My Dear Danny,
You entered the world with a bang. Not breathing and hardly alive, you gave the team in that delivery room quite a shock as you came to life and immediately peed on the doctor that revived you. Typical Danny. You love creating a scene and if it has to do with bodily fluids, all the better.
It’s hard for me to imagine that on the day you entered the world, I was totally unaware of the major change about to happen to my life and my heart. It wasn’t until you were a few days old that we got the call that you needed a family–maybe for a little while, maybe forever. By the time we met you, you had already managed to charm a slew of nurses and doctors that were tending to your daily needs. As I have told you a thousand times, I loved you the minute I saw you. I didn’t know how long I’d be able to be a mother to you, but I knew that if you needed me, I would love you and be your mother forever.

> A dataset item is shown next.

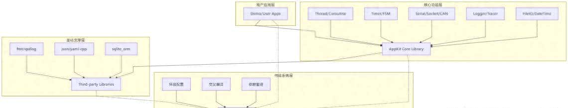 AppKit是一个专注于嵌入式Linux应用开发的C++14框架,它的核心目标是提升开发效率和应用健壮性。AppKit提供了一套经过验证的工具集,覆盖了线程管理、定时器、文件IO、串口通信、网络通信、CAN总线、GPIO控制等嵌入式开发中的高频需求。

Because I loved you so much, so fully and totally, I loved your first mother, too. How could I not? She gave you life. You have her eyes, her tan skin, her jet-black straight hair. She wanted you to have a good life, she just needed some time to figure out if she’d be able to provide that for you. I admire her for the way she’s been able to support what was best for you, even if it’s painful for her to watch you grow up in a different family. I hope when there are questions you need answers to, she is there to talk to you about those things. I promise to do what I can to keep that door open for you. And I do it not out of duty or obligation, but out of love for you and her.
I didn’t know I could love your family and care about your story and become passionate about your people the way I have. There was a lot I didn’t know before I became your mom. There was a lot no one could teach me. No one but you.
You taught me that wrestling is a love language. You have always needed strong touch, firm hugs, rocking and wrestling. Sometimes I’m not sure you hear me when I tell you how much I love you, but when I swing you around and squeeze you and you laugh, I know you know it. I know when you curl up next to me on the couch and lay your head on my leg, you’re telling me you love me, too.
You taught me to look at life with adventurous eyes. You are capable of getting in far more trouble than I ever thought possible. As a toddler anything with shelves looked like a ladder to you. When we cook together you want to smell and taste all the spices before we add them. You prefer to hang upside down on the swings. If I hear a “Hey Mom” from somewhere up above me, I know you’ve found a climbing tree. You want to ride every roller coaster. In some ways you are a fearless child. That has made me have to take on some of the fear for you and help you understand what dangers are around you, but it has also helped me see the world as a less fearful place. There is a lot of fun in the world you live in. A lot of adventure and excitement. I love that you take me there with you.
You taught me that learning something on your own is a pretty amazing feeling. I thought you would wait to learn how to ride a bike until that perfect moment where your dad would let go of the back of your seat and I would have the camera in hand. But not you. You taught yourself to ride the bike by steadying yourself against the (new) van and taking off. You fell so many times and you scratched up the van, but your determination was amazing. And I wasn’t a bit surprised. I’ve learned in parenting you to let you try the things I think you may fail at because you often prove me wrong. And I’ve learned that the feeling of success I find in figuring out what motivates you and how you tick– the child that came without a handbook and who doesn’t follow the rules I thought all kids followed– is one of the greatest highs in the world.
You taught me humility. Lots and lots of humility. Just when I think I know the “right” parenting answers, you prove me wrong. I can be 100% consistent with disciplining a bad behavior and you can be 100% consistent at repeating that bad behavior until I figure out the consequence I was using didn’t work for you, in spite of what all the parenting books said. You decide during the Christmas concert at church that you actually don’t like performing (after weeks of rehearsing) so you turn backwards during the songs your group is singing, sneaking glances over your shoulder to see that we are still all there. You feel compelled to yell words for bodily functions in front of your grandma, you give me lots of opportunities to get to know your teacher better, and I never know what exciting report I’m going to get from a playdate you’ve been on. You keep me on my toes and I’ve learned that while the usual parenting tricks don’t seem to work on you, you ARE learning. You are smarter than we ever knew back when we thought “smart” meant doing what all the other kids were doing. You are motivated by relationships and knowing you are loved (and sometimes Lucky Charms cereal). You have made me develop a new parenting skill set and I am a less judgmental mom towards other moms in the trenches because of you.
Danny, I can’t wait to see what you teach me in the years to come. I know I have much to teach you, too. I’m so thankful I get to be your mom and have a front row seat to what God is going to do with the unique man you are becoming.